The information technology (-0.8%) and health care (-0.8%) sectors were influential laggards, but the rate-sensitive real estate (-1.8%) and utilities (-2.0%) sectors declined the most amid an increase in longer-dated Treasury yields. The 10-yr yield rose six basis points to 0.82%, while the 2-yr yield was flat at 0.19%.

[…]

• Initial claims for the week ending May 30 decreased by 249,000 to 1.877 million (Briefing.com consensus 1.800 million). Continuing claims for the week ending May 23 increased by 649,000 to 21.487 million.
o The key takeaway from the report is twofold: (1) initial claims are still extremely high and (2) continuing claims didn’t continue to improve, denoting some slowness in rehiring activity.
• A revision reported by the BLS indicated nonfarm business sector labor productivity decreased 0.9% (Briefing.com consensus -2.6%) in the first quarter versus an originally reported decrease of 2.5%. Unit labor costs, meanwhile, increased 5.1% versus an originally reported 4.8% increase.
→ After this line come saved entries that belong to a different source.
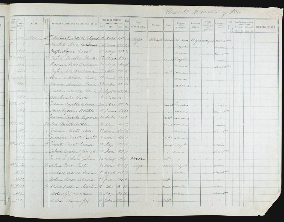 Hojas declaratorias por familias y Padrón de habitantes, 1877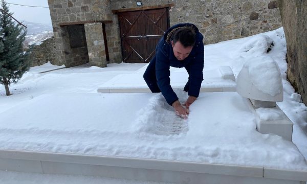 Përmes disa fotografive të publikuara në profilin e tij në Facebook, ministri shihet se gjatë vizitës ka pastruar nga bora varrin e heroi kombëtar.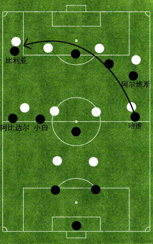 答案当然是否定的,阿比达尔的进攻能力虽然不如阿尔维斯,但他的勤勉的跑动穿插以及积极的牵扯也能够侧面为左路进攻带来帮助。如上图所示,阿比达尔在进攻过程中的压上幅度远不如阿尔维斯那么深入,他更多的责任是在中场区域牵扯对方边锋或者边前卫,侧面解放己方中场球员伊涅斯塔。当伊涅斯塔获得足够的持球跑动空间时,这位西班牙国脚会积极拉扯到边路,和左边锋比利亚形成局部范围内的两人连线。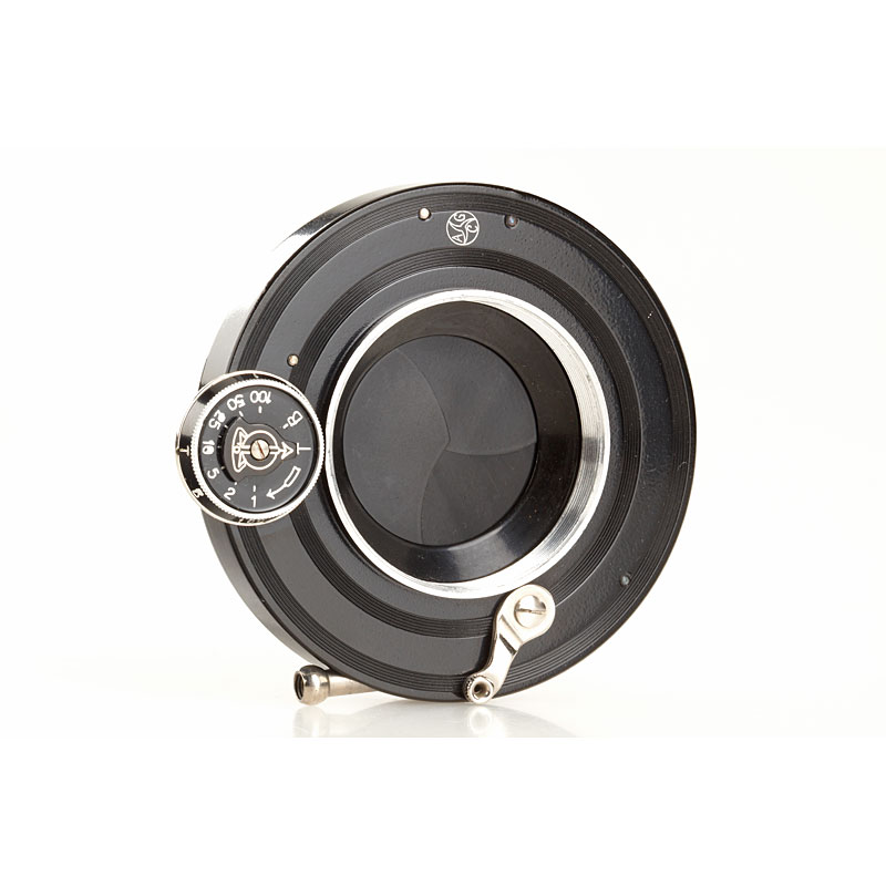 single exposure camera with large Ibsor shutter, ground glass plate, 2 film holder, very rare SUWOO viewfinder and original red maker's box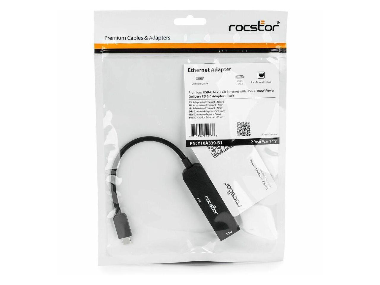 Rocstor USB-C to 2.5G Ethernet Adapter with 100W Power Delivery Y10A339-B1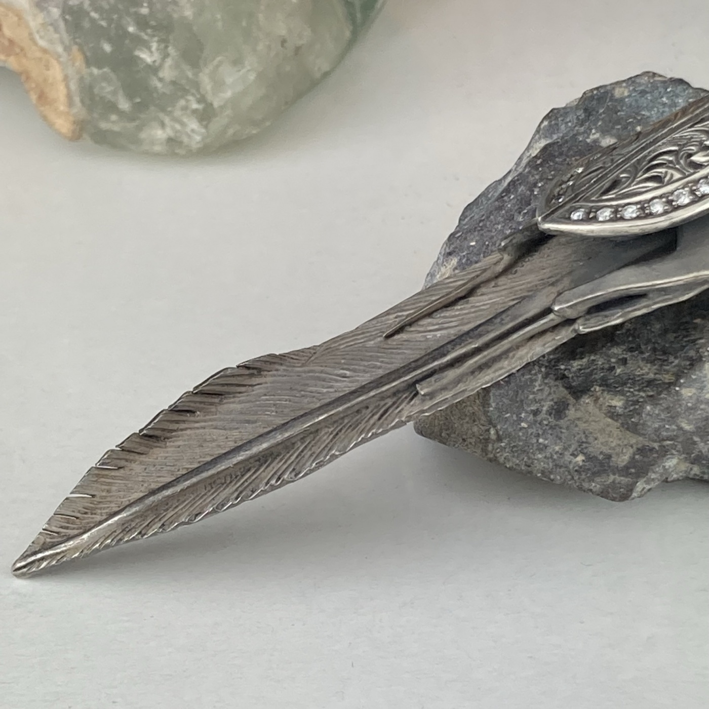また、クワガタの一部分やクワガタの乗っているフェザーなどの部分は黒仕上げになっていて立体感と重厚感を持たせています。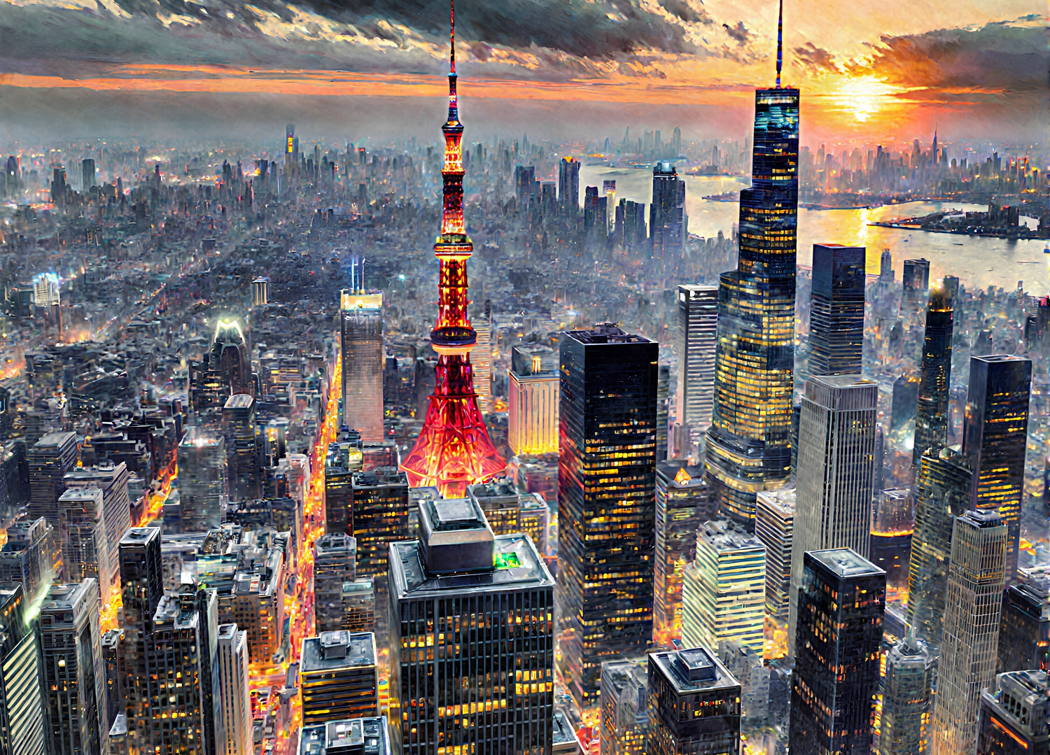 夕日に照らされた都市

o The key takeaway from the report is that productivity was better than expected in the first quarter, but it was still weak all the same.
• The U.S. trade deficit widened to $49.4 billion in April (Briefing.com consensus -$49.8 billion) from an upwardly revised $42.3 billion (from -$44.4 billion) in March.
o The key takeaway from the report is that it was accented by a sizable decline in both exports and imports, which was a byproduct of reduced demand due to shutdown measures implemented around the globe to help contain the spread of COVID-19.